誰がために我、癒す
耐えがたい夏の暑さは、さすがに癒してのリチャードでも太刀打ちできない。そんな時は遠慮なく妻の実家にお邪魔するのだ。
「おじいちゃん!」
三等身の女の子が長い髪と耳をちょこちょこ揺らして走り回る。
「こぉら、マリアーノ」
台所から身重の妻が愛の鞭を放った。ターコイズブルーの奔流は散らかった遊具やテーブルの足を迂回して、森の小動物を思わせる人物に絡みつく。
「ひどぅい! おとーーーさーーーん」
少女はギャン泣きすると、リチャードが飛んできた。
「ほぉら、痛くない痛くない」
マリアーノを抱き上げると、無傷の手足を右手で優しくさすった。もちろん、何も起こらない。

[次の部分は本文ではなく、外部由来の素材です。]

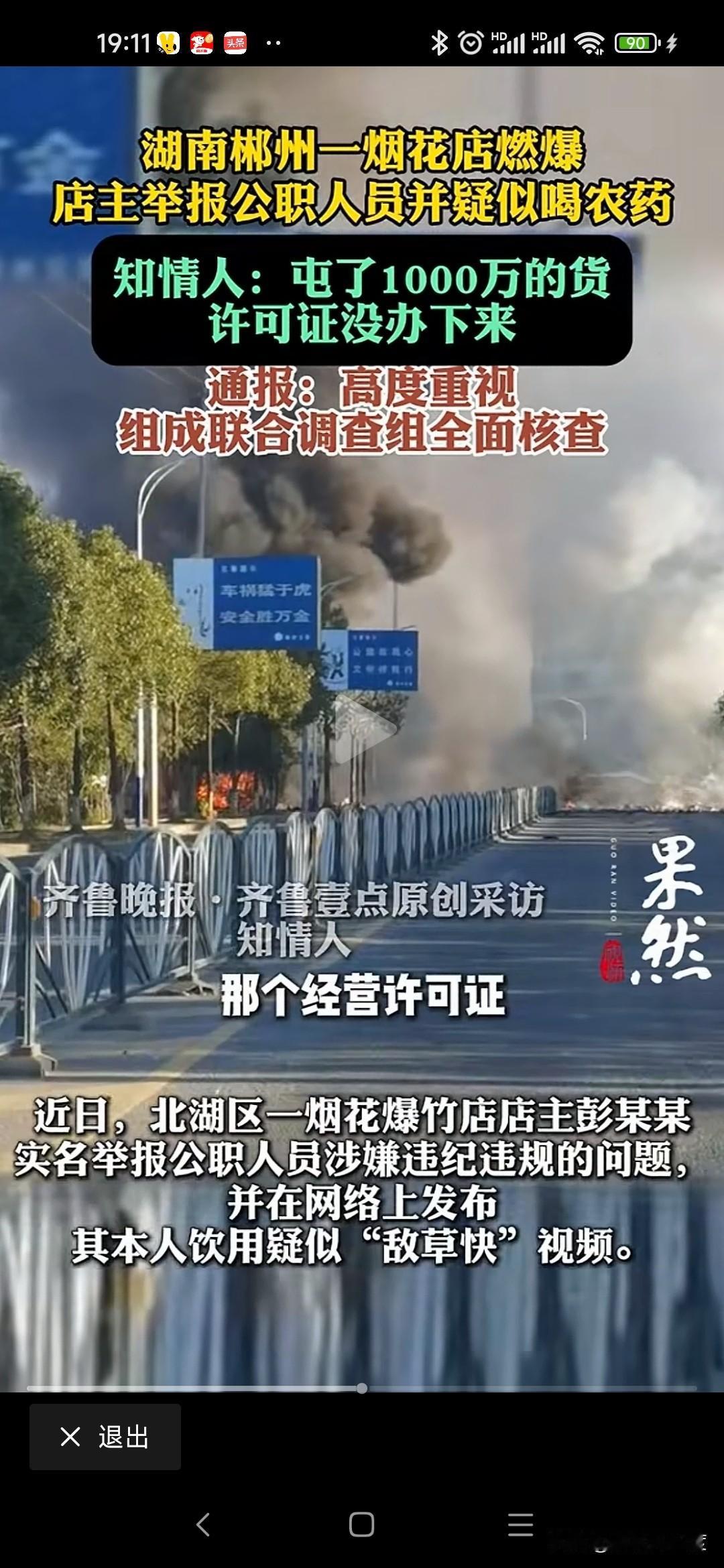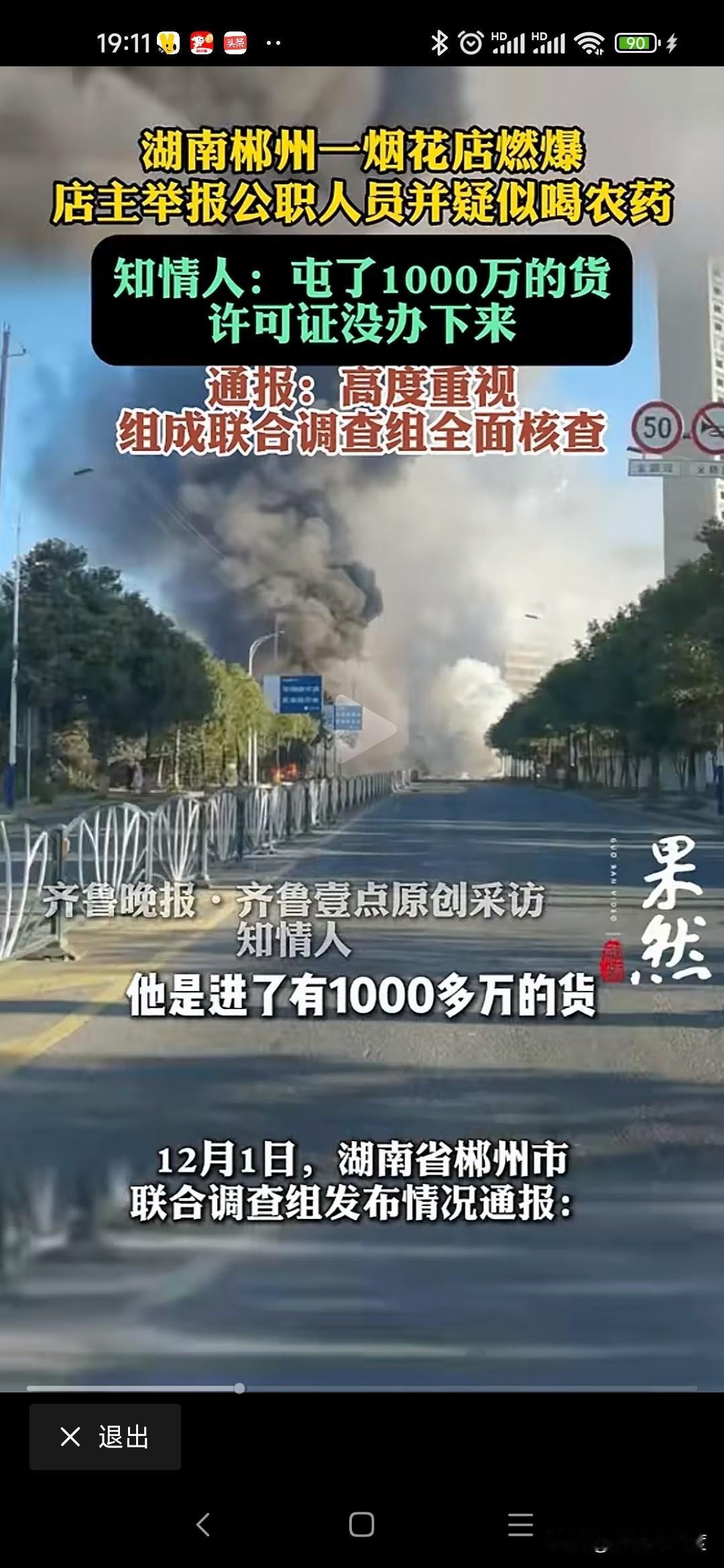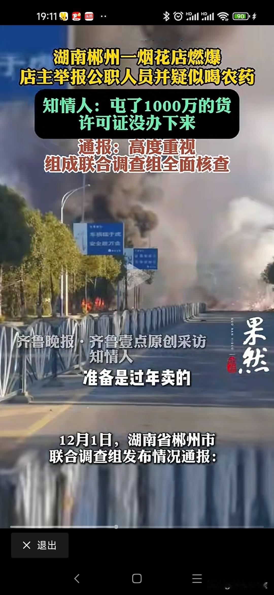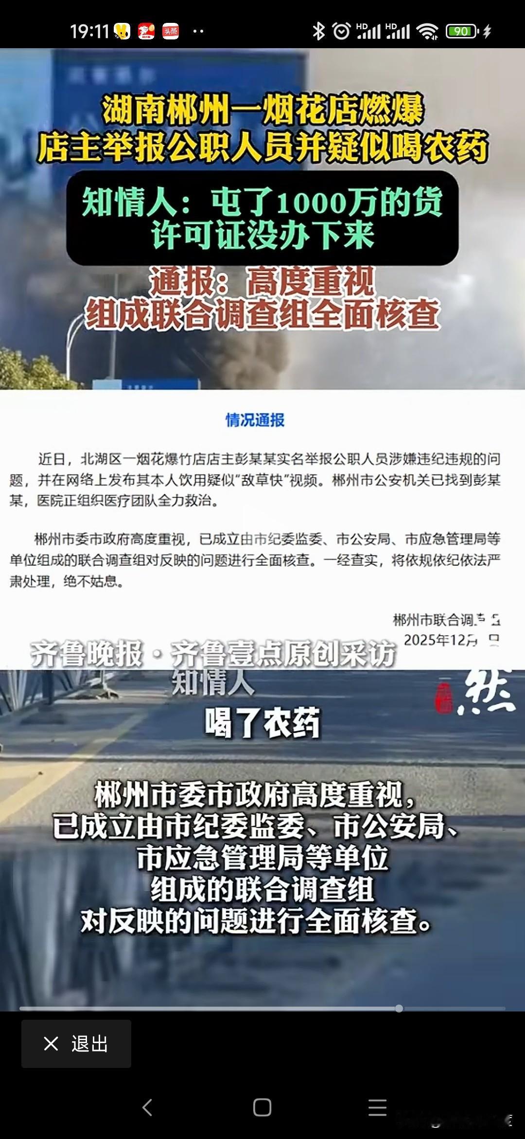 湖南烟花爆竹爆炸店主自杀 湖南郴州北湖区烟花爆竹店彭某某,花巨资购进1000万的烟花爆竹,准备春节期间销售。 但是多次办理春节期间烟花爆竹经营(零售)许可证无果。 因为每个城市每个区每个街道的临时烟花爆竹经营(零售)许可证是有数的就那几个,位置也很关键,好的位置直接影响着销售额。 彭某某应该高额贷款购买的1000万的烟花爆竹,本想春节期间大赚一笔,结果各种方式去保证也办不下来。 核心许可:烟花爆竹经营(零售)许可证:这是最关键的证照,需向所在区的应急管理局申请。申请前要确认大棚位置符合当地布点规划,且和学校、加油站等易燃易爆或人员密集场所保持规定安全距离,还得配备消防器材;同时经营者需完成安全知识培训,提交申请书、经营场所租赁证明等材料,审核通过后才能拿到证,证件要在大棚显眼位置悬挂。 没有这个证件根本无法营业,所以彭某某感觉到绝望才走了绝路。 引爆仓库实名举报某些官员,网络直播和百草枯自杀,已引起公众的注意。 当地政府已经紧急介入,并对彭某某实施紧急抢救,希望他能渡过难关,政府也变态一定严查,揪出害群之马! 在此内忧外患之际,咱们不能把这公章吃拿卡要了!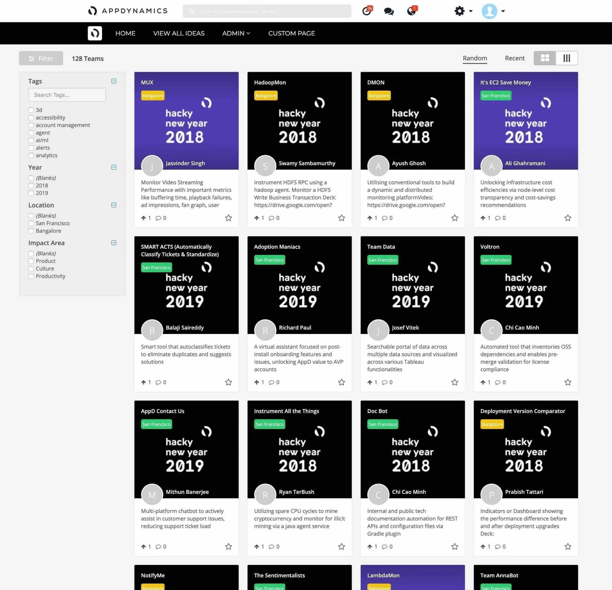 We named the annual innovation kickoff, Hacky New Year. This site documented all projects and encouraged the company to upvote their preferences.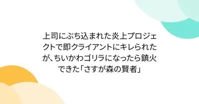 上司にぶち込まれた炎上プロジェクトで即クライアントにキレられたが、ちいかわゴリラになったら鎮火できた「さすが森の賢者」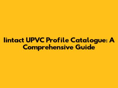 Iintact UPVC Profile Catalogue: A Comprehensive Guide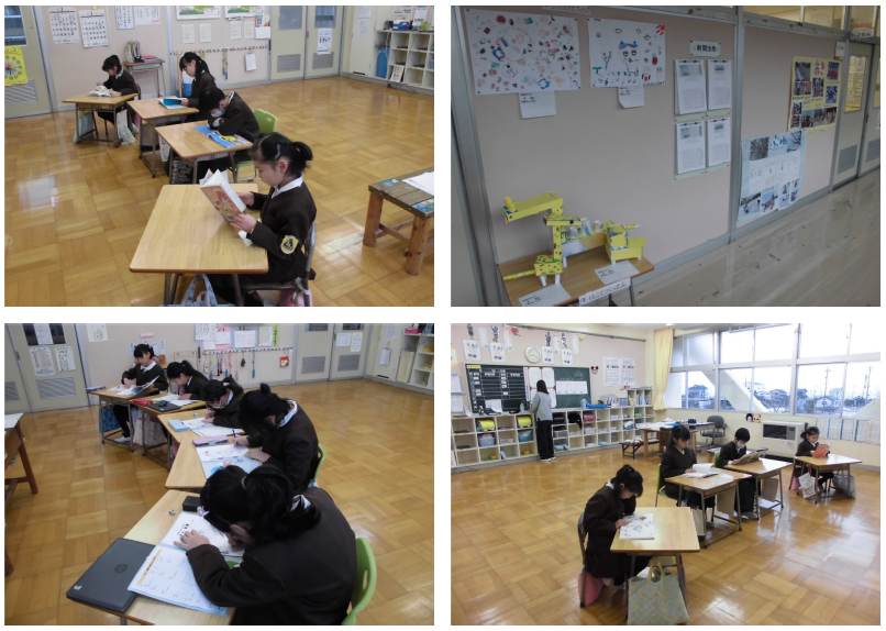 朝の様子を見に行くと、1・2年生は静かに朝読書、4・6年生は学年のまとめの宿題の答え合わせをしていました。今日もみんなすすんで学ぶ姿が見られ、朝から幸せな時間の流れを感じました。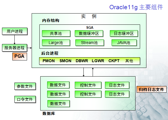 i1、SGA包括:共享池、数据缓冲区、日志缓冲区、Large池、Java池、Stream池。

が、娘は気をよくしたらしく、父親にべったりと密着する。
これは重症の甘えん坊である。
「あなた! マリアーノに優しくしすぎないで!!」
鬼嫁の罵声がグサグサと心に突き刺さる。
「君も少しは父親の威厳を示したらどうだね」
舅もなかなか手厳しい。
科学と魔法が共存するトホホギス・テクセル連邦共和国においても、家庭問題を癒す手はなかなかみつかりそうにない。
リチャードは聞こえるようにボヤいた。
「グレイバス監獄の時みたいにゃ行きませんよお義父さん。あの時、僕は確かに癒してのリチャードと呼ばれましたよ。そこで一つの賭けに出たんです。癒しは最大の攻撃であり防御であるとね」
「君は見事、勝ったじゃないか。人生何事も勝負勝負だ。マリアーノとエテュセを癒してやりなさい」
父、なかなか手厳しい。
癒しては口をへの字に曲げた。「じゃあ、僕は誰が…」
小さな手が、そっと彼に添えられた。